● Aim of the task: Output only the entries, exactly as given, without the pictures.

● Task inputs:
━━━━━━━━━━━━━━━━

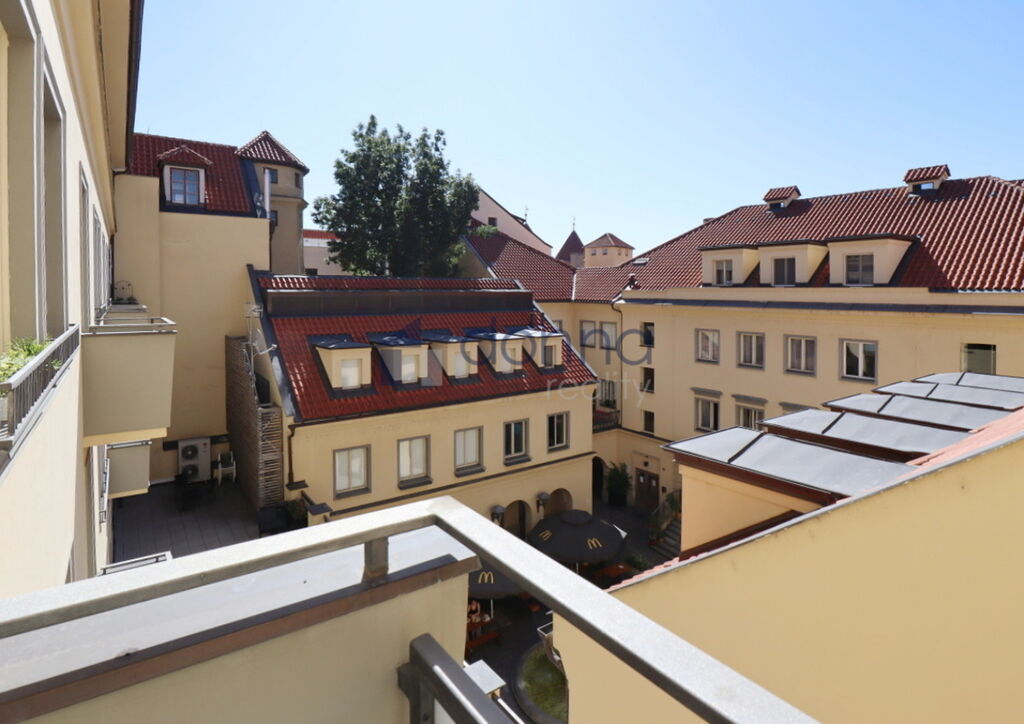 Byt je kompletně zařízený a sestává z velkého obývacího pokoje, plně vybavené kuchyně s jídelnou, ložnice se vstupem na balkon, koupelny se sprchovým koutem, WC a z prostorné předsíně. Obývací pokoj a jídelna má okna do Mostecké ulice, ložnice do tichého vnitrobloku. Na podlahách parkety a dlažba. Topení je centrální. Dům se nachází v atraktivní lokalitě v blízkosti Karlova mostu, v samém srdci starobylé Prahy. Skvělá dopravní dostupnost, tramvajová zastávka Malostranské náměstí hned za rohem, 1 zastávka na metro A, stanice Malostranská.
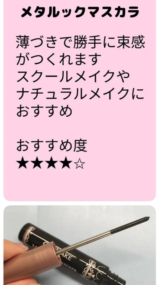 上まつ毛も下まつ毛も簡単に束感出来る。 マスカラ苦手だから塗るだけできれいなまつ毛が出来上がるのがすごく良かった。 まつ毛が派手な感じになるのがいい。 ウォータープルーフだけどお湯でオフできる。値段が凄くやすい!660円 簡単に束感まつ毛にしたいときはメタルックマスカラがいい! ゴクブトマスカラも使いにくいわけでは無いし2回くらい塗るとちょうどいいボリューム感がでて、メタルックマスカラよりも派手な目元になる。
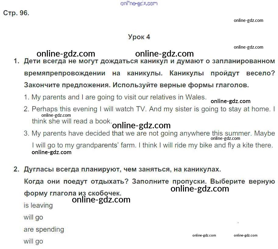 Готовые домашние задания по Английскому языку за 5 класс Рабочая тетрадь Кузовлев, Лапа Академический школьный учебник 2013 - Unit 7. My future holiday стр. 96
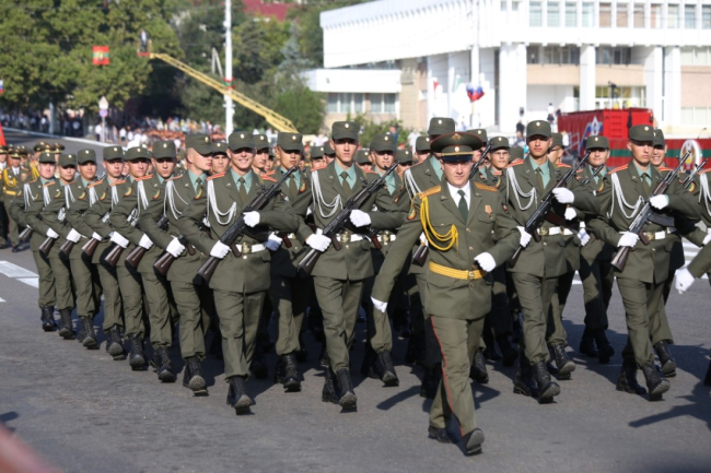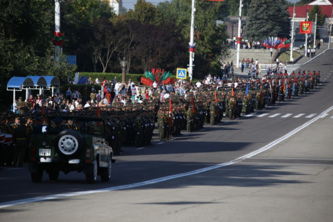 Парад принимает главнокомандующий Вооруженными силами, Президент ПМР Вадим Красносельский. По главной площади Тирасполя пройдут 19 парадных расчетов. Среди них — подразделения Министерства обороны, Министерства внутренних дел, Министерства государственной безопасности, Следственного комитета, Черноморского казачьего войска. Музыкальное сопровождение обеспечит военный оркестр Главного штаба Вооруженных сил.
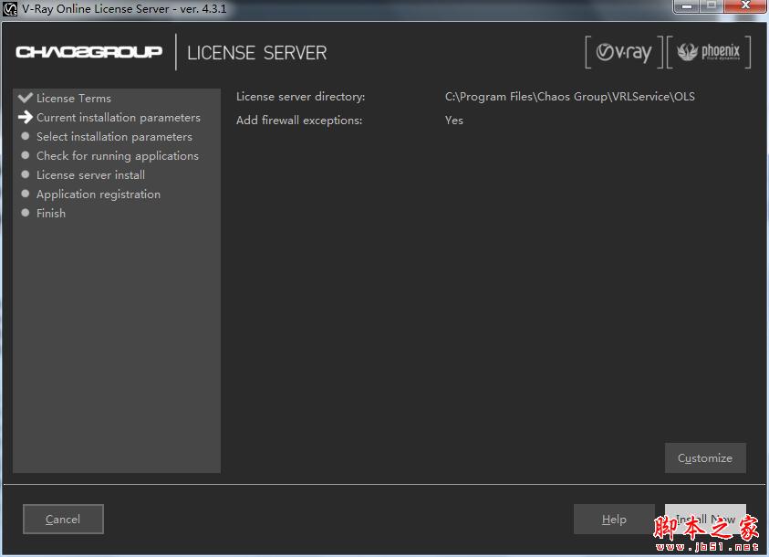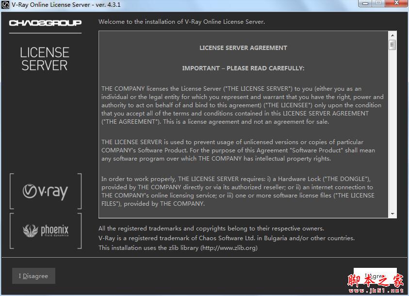 3、跳出界面v-ray license server安装
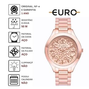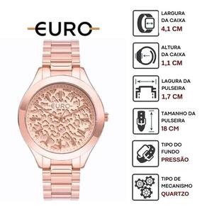 Relógio Euro Feminino Analógico Rose Gold EU2036YTW/4J Marca: EuroModelo: EU2036YTW/4JTipo de mostrador: AnalógicoMecanismo: QuartzoAlimentação: BateriaFormato da Caixa: RedondoCor do mostrador: Animal Print com Index e Ponteiros Rose GoldCor da caixa: Rose GoldCor da pulseira: Rose GoldMaterial do Vidro: Cristal MineralMaterial da caixa: MetalMaterial da pulseira: Aço InoxTipo de Fecho: DobrávelNível de Resistência à Água: 50 MetrosCalendário: NãoCronômetro: NãoAlarme: NãoLuz noturna: Não Medidas:Diâmetro da caixa: 4,1cmEspessura da caixa: 1,1cmLargura da pulseira: 1,7cmTamanho da Pulseira: 18cmPeso do relógio: 99g Conteúdo da Embalagem:Estojo da MarcarAcessórios (correspondentes a cada modelo)Manual em PortuguêsCertificado de 01 ano junto ao FabricanteNota Fiscal Eletrônica O Grupo Technos assegura o perfeito funcionamento do seu relógio pelo período de 01 ano em todo território nacional, caso o seu produto apresente algum defeito, encaminhe diretamente à assistência técnica mais próxima de sua região, sempre acompanhado da documentação recebida.
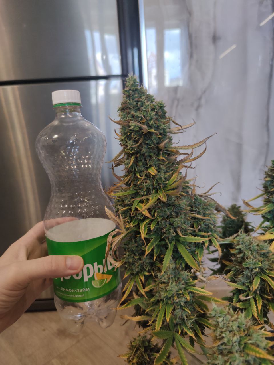 Вырастить этот сорт с преобладанием сативы было очень легко. Огромные и ароматные шишки были густо покрыты светящимися трихомами (название Лимонная Дымка очень подходит), так что эффект был убийственным, как я и ожидал. Некоторые бутоны выросли маленькими, но на основных шишках шишки были большими и очень липкими.
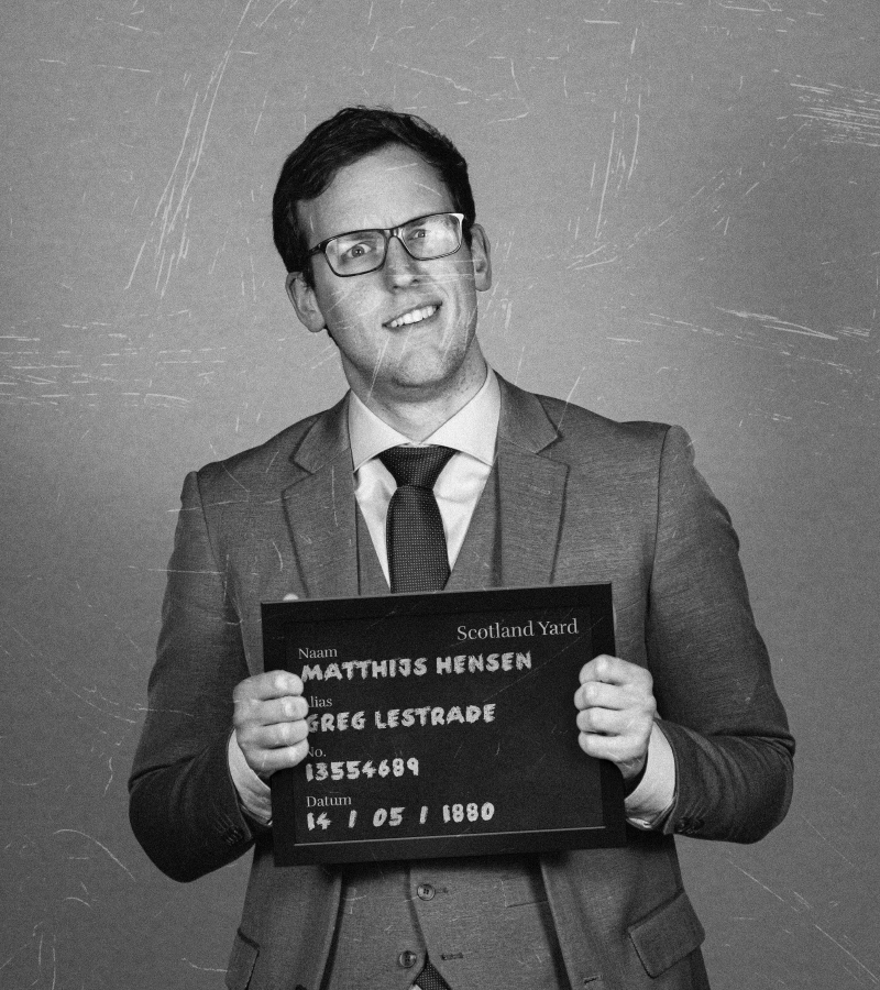 In Sherlock Holmes en de Zaak Watson speelt Matthijs de rol van Inspecteur Greg Lestrade: scherp, standvastig en altijd in de weer met een zaak die nét groter is dan hij had gehoopt.
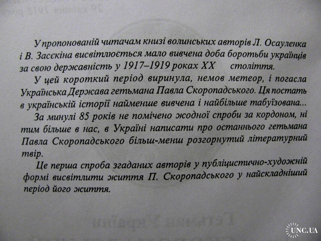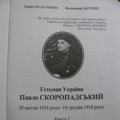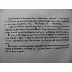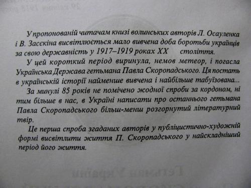 У книзі волинських авторів Л. Осауленка і В. Засєкіна висвітлюється мало вивчена доба боротьби українців за свою державність у 1917–1919 роках XX століття.У цей короткий період виринула, немов метеор, і погасла Українська Держава гетьмана Павла Скоропадського. Ця постать в українській історії найменше вивчена і найбільше табуїзована…
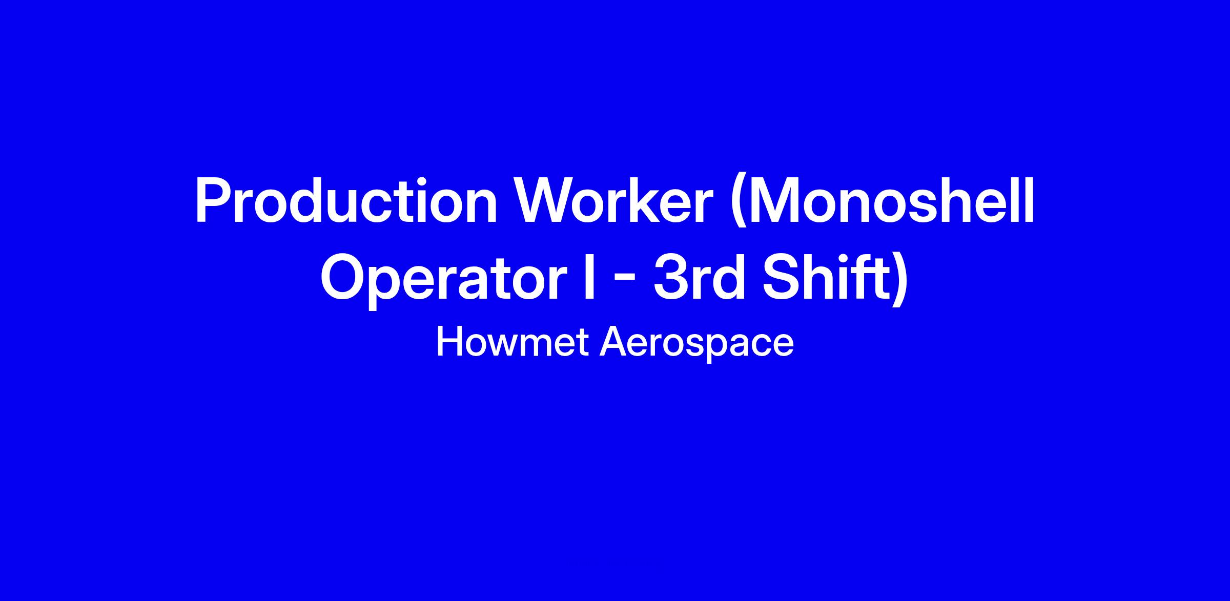 Howmet Aerospace seeks a Monoshell Operator I for Dover NJ on the midnight shift 10 PM to 6:30 AM, training on first shift 6 AM to 2:30 PM. Starting pay is $24.79 per hour, rising to $27.35 after 12 months, plus a shift premium for off shift and a benefits package. The role monitors the dipping robot, adjusts controls, ensures coat quality, records materials, and may perform foundry tasks, with strict EHS and ITAR compliance. To apply, show reliability, willingness to work nights, safety and quality focus, and any manufacturing or QA experience; HS diploma, US work authorization, and residency within 50 miles of Dover NJ; no visa sponsorship or relocation.
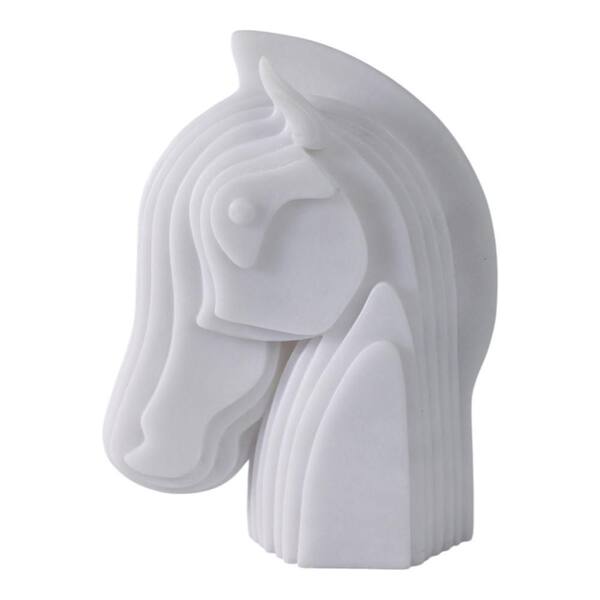 White 9.5 in. x 12 in. Resin Layered Modern Horse Head Sculpture

━━━━━━━━━━━━━━━━

● Answer to this exercise:
 Byt je kompletně zařízený a sestává z velkého obývacího pokoje, plně vybavené kuchyně s jídelnou, ložnice se vstupem na balkon, koupelny se sprchovým koutem, WC a z prostorné předsíně. Obývací pokoj a jídelna má okna do Mostecké ulice, ložnice do tichého vnitrobloku. Na podlahách parkety a dlažba. Topení je centrální. Dům se nachází v atraktivní lokalitě v blízkosti Karlova mostu, v samém srdci starobylé Prahy. Skvělá dopravní dostupnost, tramvajová zastávka Malostranské náměstí hned za rohem, 1 zastávka na metro A, stanice Malostranská.
 上まつ毛も下まつ毛も簡単に束感出来る。 マスカラ苦手だから塗るだけできれいなまつ毛が出来上がるのがすごく良かった。 まつ毛が派手な感じになるのがいい。 ウォータープルーフだけどお湯でオフできる。値段が凄くやすい!660円 簡単に束感まつ毛にしたいときはメタルックマスカラがいい! ゴクブトマスカラも使いにくいわけでは無いし2回くらい塗るとちょうどいいボリューム感がでて、メタルックマスカラよりも派手な目元になる。
 Готовые домашние задания по Английскому языку за 5 класс Рабочая тетрадь Кузовлев, Лапа Академический школьный учебник 2013 - Unit 7. My future holiday стр. 96
 Парад принимает главнокомандующий Вооруженными силами, Президент ПМР Вадим Красносельский. По главной площади Тирасполя пройдут 19 парадных расчетов. Среди них — подразделения Министерства обороны, Министерства внутренних дел, Министерства государственной безопасности, Следственного комитета, Черноморского казачьего войска. Музыкальное сопровождение обеспечит военный оркестр Главного штаба Вооруженных сил.
 3、跳出界面v-ray license server安装
 Relógio Euro Feminino Analógico Rose Gold EU2036YTW/4J Marca: EuroModelo: EU2036YTW/4JTipo de mostrador: AnalógicoMecanismo: QuartzoAlimentação: BateriaFormato da Caixa: RedondoCor do mostrador: Animal Print com Index e Ponteiros Rose GoldCor da caixa: Rose GoldCor da pulseira: Rose GoldMaterial do Vidro: Cristal MineralMaterial da caixa: MetalMaterial da pulseira: Aço InoxTipo de Fecho: DobrávelNível de Resistência à Água: 50 MetrosCalendário: NãoCronômetro: NãoAlarme: NãoLuz noturna: Não Medidas:Diâmetro da caixa: 4,1cmEspessura da caixa: 1,1cmLargura da pulseira: 1,7cmTamanho da Pulseira: 18cmPeso do relógio: 99g Conteúdo da Embalagem:Estojo da MarcarAcessórios (correspondentes a cada modelo)Manual em PortuguêsCertificado de 01 ano junto ao FabricanteNota Fiscal Eletrônica O Grupo Technos assegura o perfeito funcionamento do seu relógio pelo período de 01 ano em todo território nacional, caso o seu produto apresente algum defeito, encaminhe diretamente à assistência técnica mais próxima de sua região, sempre acompanhado da documentação recebida.
 Вырастить этот сорт с преобладанием сативы было очень легко. Огромные и ароматные шишки были густо покрыты светящимися трихомами (название Лимонная Дымка очень подходит), так что эффект был убийственным, как я и ожидал. Некоторые бутоны выросли маленькими, но на основных шишках шишки были большими и очень липкими.
 In Sherlock Holmes en de Zaak Watson speelt Matthijs de rol van Inspecteur Greg Lestrade: scherp, standvastig en altijd in de weer met een zaak die nét groter is dan hij had gehoopt.
 У книзі волинських авторів Л. Осауленка і В. Засєкіна висвітлюється мало вивчена доба боротьби українців за свою державність у 1917–1919 роках XX століття.У цей короткий період виринула, немов метеор, і погасла Українська Держава гетьмана Павла Скоропадського. Ця постать в українській історії найменше вивчена і найбільше табуїзована…
 Howmet Aerospace seeks a Monoshell Operator I for Dover NJ on the midnight shift 10 PM to 6:30 AM, training on first shift 6 AM to 2:30 PM. Starting pay is $24.79 per hour, rising to $27.35 after 12 months, plus a shift premium for off shift and a benefits package. The role monitors the dipping robot, adjusts controls, ensures coat quality, records materials, and may perform foundry tasks, with strict EHS and ITAR compliance. To apply, show reliability, willingness to work nights, safety and quality focus, and any manufacturing or QA experience; HS diploma, US work authorization, and residency within 50 miles of Dover NJ; no visa sponsorship or relocation.
 White 9.5 in. x 12 in. Resin Layered Modern Horse Head Sculpture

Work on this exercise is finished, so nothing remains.